However, I discovered people did compelling and risky things in the mountains. I saw an ad in a magazine for an Outward Bound school featuring a dude rapping (rappelling, or sliding down a rope in a controlled fashion) down a cliff. Lo, it was in the North Carolina hills. The term rapping brings to mind the modern, energetic recitation of verse in an urban music context while hanging on a rope in the wilderness, but sadly, no. The Outward Bound ad suggested to me that risky mountain stuff was possible, and a school for it existed. I didn’t realize risk isn’t really what Outward Bound was or is about, but it piqued my interest. I lobbied my mother to go, but it cost too much, so my plan went nowhere. I saw a door worth climbing through, and resolved to take mountain adventure into my own hands.
I owned no proper clothing or gear, and the outdoor shops now peppering the physical and virtual landscapes didn’t exist.
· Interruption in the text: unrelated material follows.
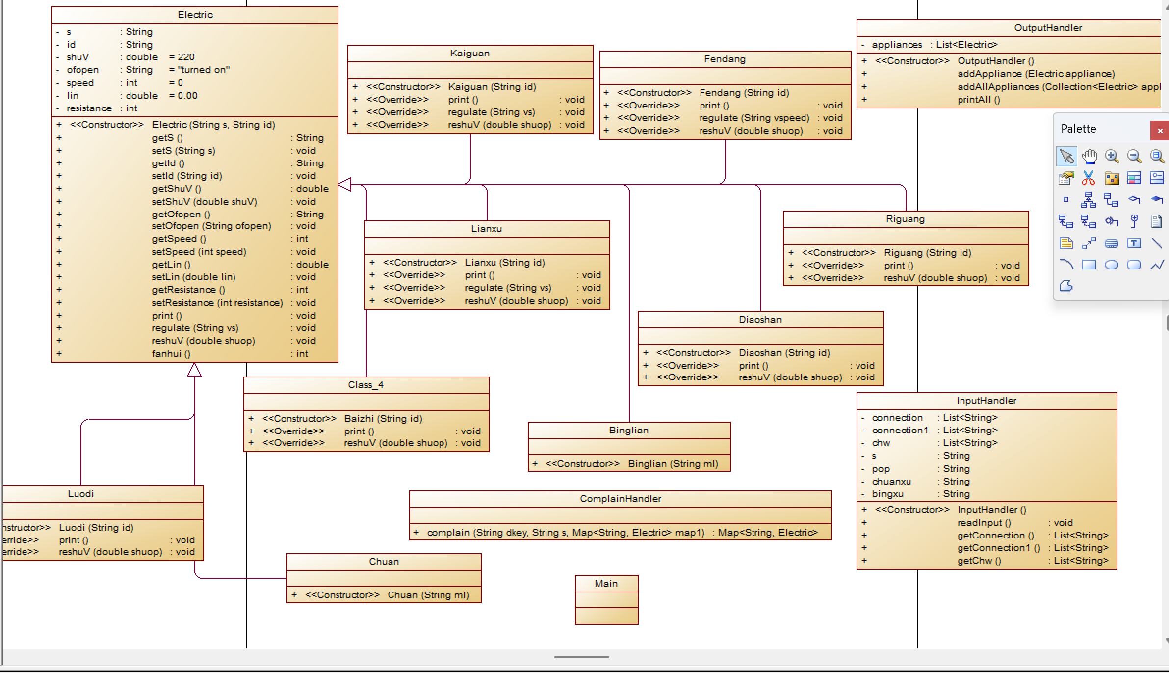 第一次家居强电电路模拟程序相对来说比较简单,但为了下一次迭代就要好好设计类,尽量让下一次代码能够复用。本次程序我采用Device作为设备主类,控制设备以及受控设备都继承来自Device,第二次创建了串联与并联的类,继承Device,知识点主要涉及到利用继承来对代码复用,以及利用HashMap来存储相关的数据,然后利用正则表达式来对输入的信息进行分割,最终将结果输出,第二次家居强电电路模拟程序相对于第一次程序难度大幅提升,串并联电路结合出现问题导致输出总是达不到想要的结果,难度对我来说大幅提升。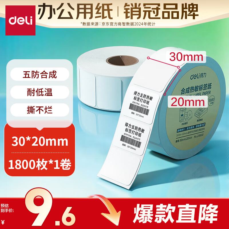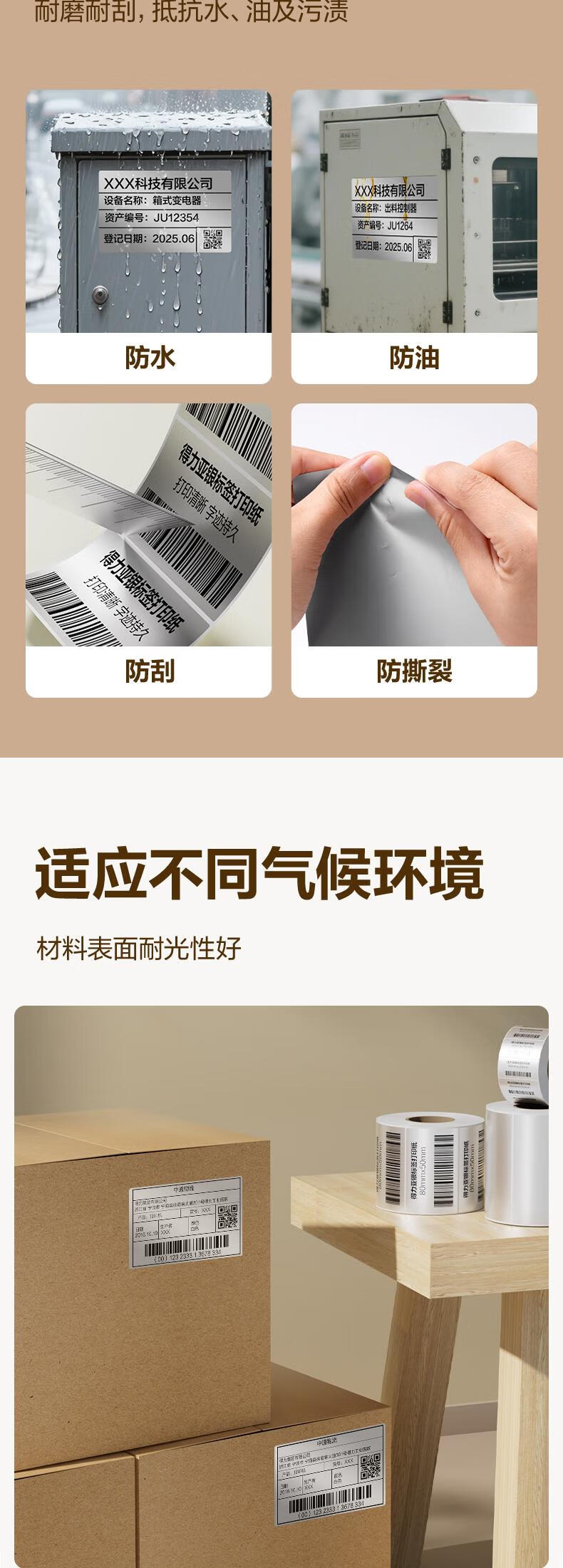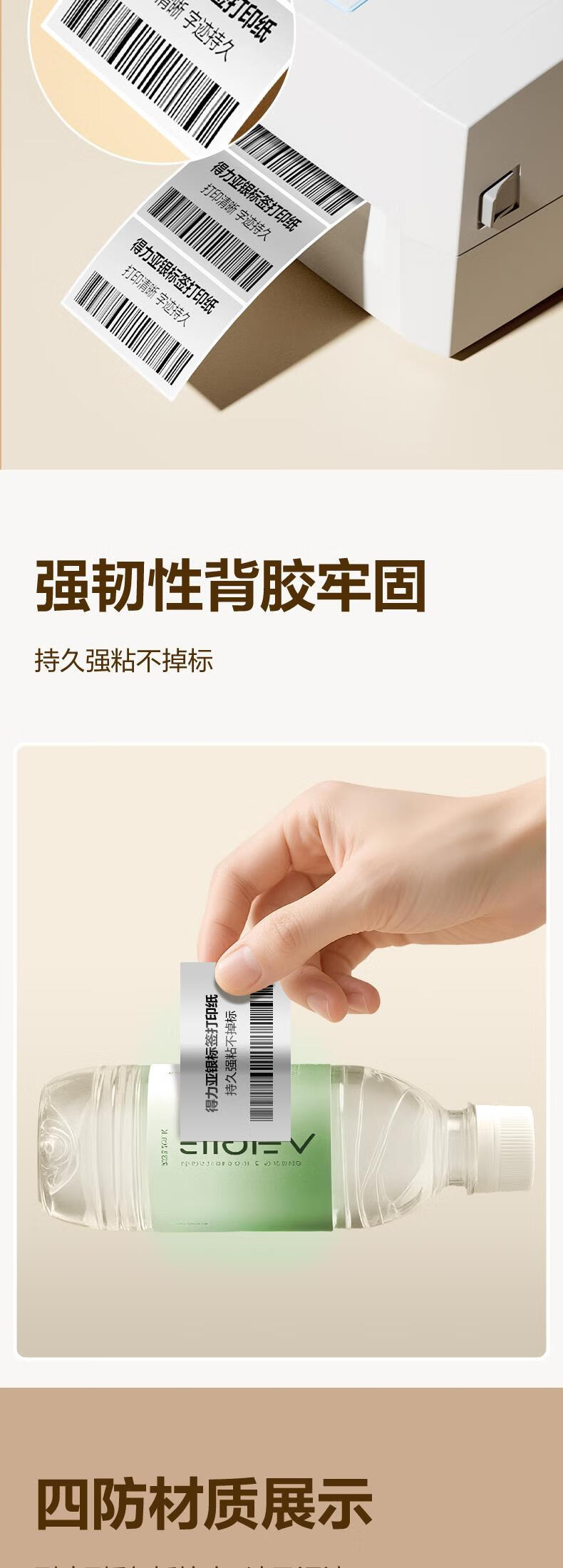得力(deli)*1卷 哑银PET不干胶条码打印纸 固定资产标签纸 防水防油防刮 碳带打印 ZG652

In the South, if a young man was recreating outdoors and not hunting or fishing, he was viewed as somehow hinky, but I wanted more.
I lucked out, having neighbors in our apartment complex who went hiking and backpacking in the mountains as a standalone activity. They were a young, married, hippie couple from the Northeast, where this was more acceptable. They turned me on to the few mail order camping equipment firms at the time, which was a godsend. I just mailed a check for whatever I needed, and it was delivered via the magic of the US Postal Service. The catalogs were full of compelling photos of people doing cool things in the mountains and wilderness.
I had little money, so I ordered boots and camping gear, then hit the local Army-Navy surplus store for the rest. Good, specialized, outdoor clothing wasn’t available anyway, and the surplus stuff was cheap. The Appalachians were cool and damp, so wool was advisable much of the year. I smelled like a moldy sheep while hiking, the unique Army-Navy store stink a pungent undertone.
Once I could drive, I borrowed Frances’s car on weekends and headed for the hills. If I couldn’t borrow her car, I’d hitchhike. All alone, in the ancient hardwood forests and eroded rock roots of a once great mountain range, I found self-reliance and sanity.
Frances suffered severe issues by then. For example, she screamed and beat the hell out of us with a large wooden rod when we acted up. I can still feel the accursed rod stinging my shoulders. I escaped whenever possible.
In addition to day-hiking in areas within a couple of hours’ drive from home, I went backpacking on overnight trips in wilderness areas such as Great Smokies National Park. It rains a lot in the Appalachians, and my camping gear was marginal. I was often cold and wet, but I loved it. My solo Appalachian experiences provided a solid foundation for decades of working and recreating in the mountains.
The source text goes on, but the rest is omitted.